Introduction

Bentonite is favored because it is low-cost. It has many good properties [1,2,3] e.g. high exchange capacity thanks to the high amount (> 50 mass%) of montmorillonite content. The montmorillonite is a layer silicate clay mineral. This mineral has permanent negative charge because of isomorphic substitution which means that the cations (e.g. Al3+ ion) in the layer may be exchanged by smaller charged cations e.g. Mg2+ or Fe2+ ions [4]. The ion exchange capacity depends on the number of these substitutions. The higher the clay mineral’s ion exchange capacity, the more it affects its physical properties by changing its water-absorbing capacity, and thus, its technological behavior [5]. The negative layer charge of the crystal lattice can be neutralized by cations attracted to the interlayer space. This interlayer space can call as nano laboratory’ where cation exchange takes place which may modify the properties of the bentonites. Interlayer cations may be exchanged to lanthanide cations in the so-called nano laboratory. Lanthanide cations are used as model ions during the study of interactions between soil and transuranium ions. These radionuclides are produced during the fission of 235U in nuclear power plants [6].

Bentonite is considered as candidate engineer barrier material—among others—for the safe disposal of high-level radioactive waste [7]. The structural analyses of bentonite have been investigated under different conditions to figure out the stability of the structure.
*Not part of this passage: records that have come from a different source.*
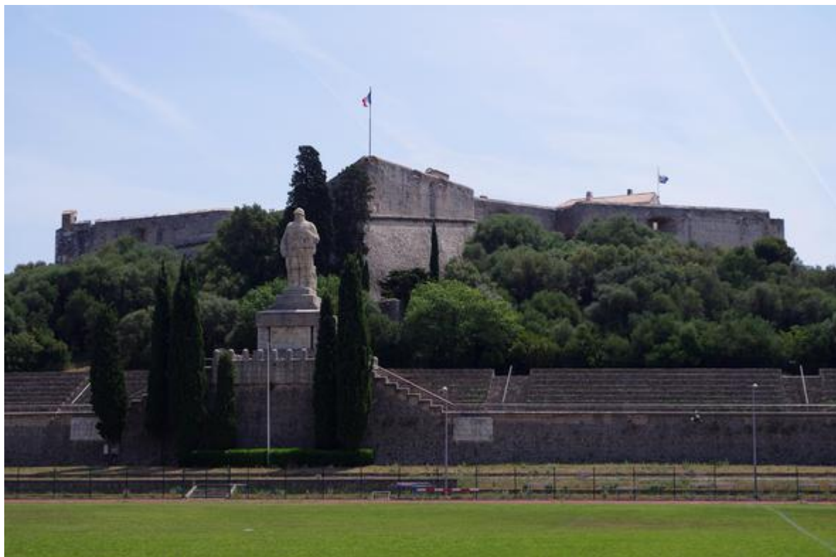
Vue générale du Fort Carré

Le Fort Carré d'Antibes est un ouvrage militaire bastionné du XVI e siècle, l'un des premiers exemples de ce type d'architecture en territoire français. Il faisait partie du système défensif du royaume de France pour la partie orientale de la Provence et a connu plusieurs vies avant de devenir en 1998 un site historique à vocation culturelle ouvert au public.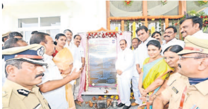
జగిత్యాలలో పోలీస్ ప్రధాన కార్యాలయ శిలాఫలకాన్ని ఆవిష్కరిస్తున్న మంత్రులు, ఎమ్మెల్యేలు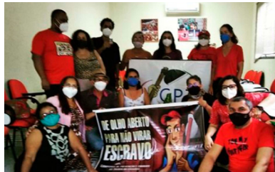
11/03/2022 - Fortaleza

No dia 11 de março de 2022 a AEFAJA participou da oficina de planejamento da Campanha de Olho Aberto para não virar Escravo, organizada pela Comissão Pastoral da Terra. Um dos objetivos da campanha é informar a população de como podem realizar denúncias de locais que possuem condições de trabalho análogas à escravidão. Nesse ano de 2022, a campanha faz 25 anos e a AEFAJA vem se somando para contribuir com essa luta!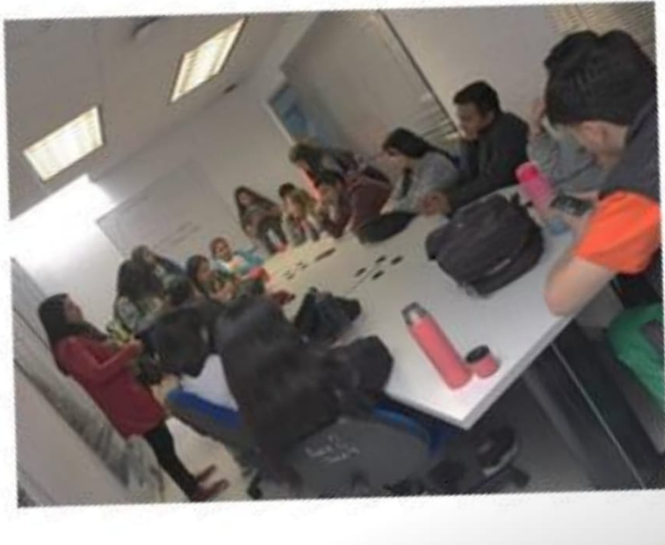
Imagen 27. Junta de Alumnos Indígenas UPN

Impacto en la Salud y Bienestar: Los estudiantes Indígenas al cambiar de región suelen notar cambios en la ciudad de México en ésta suele haber bastante contaminación, por esta razón pueden enfermarse constantemente.

The main points of these studies have been to characterize the clays before and after the modifying experiments and to determine the possible differences in nature or structural stability [8,9,10,11]. The important aspect of the interactions between lanthanides (Lns) and clays in the environment is the storage or disposal of nuclear waste. The studies on Ln-clay interactions may eminently be useful in evaluating the adequacy of proposed materials for the engineer barrier of nuclear waste.

Research papers talk about the dissolution of bentonite where the main point of the research is to modify the properties of the bentonite for different reasons [12,13,14,15,16,17,18,19,20,21,22,23,24,25,26,27,28,29,30,31]. The treatment of the bentonite happens usually with inorganic acids (HCl, H2SO4, HNO3) to replace mainly divalent ions (Ca2+) to monovalent ion (H+) and to leach out Fe2+/Fe3+, Mg2+ and Al3+ ions, thus modifying the smectite layers and increase the specific surface area, and the porosity. The authors usually use inorganic acids in wide range of concentration (0.25–6 mol dm−3) and the treatment time is usually between 1 and 36 h at different temperature (from 25 °C, up to 100 °C). The results revealed that the dissolution of octahedral sheet is faster than tetrahedral sheets [23, 24]. Kooli and Yan [21, 22] observed about 5% of Mg2+, Fe3+ and Al3+ reduction. Upon acid treatments, protons enter the mineral layer and harms the structural OH-groups. Krupskaya et al. [28] treated bentonites with HCl and HNO3 solutions. The study concluded an interlayer modification which occurs even at early stages of the treatment. Further treatment leads to further modification of the montmorillonite structure accompanied by intense leaching of cations from the octahedral positions into interlayer space. These transformations changes layer charge and CEC.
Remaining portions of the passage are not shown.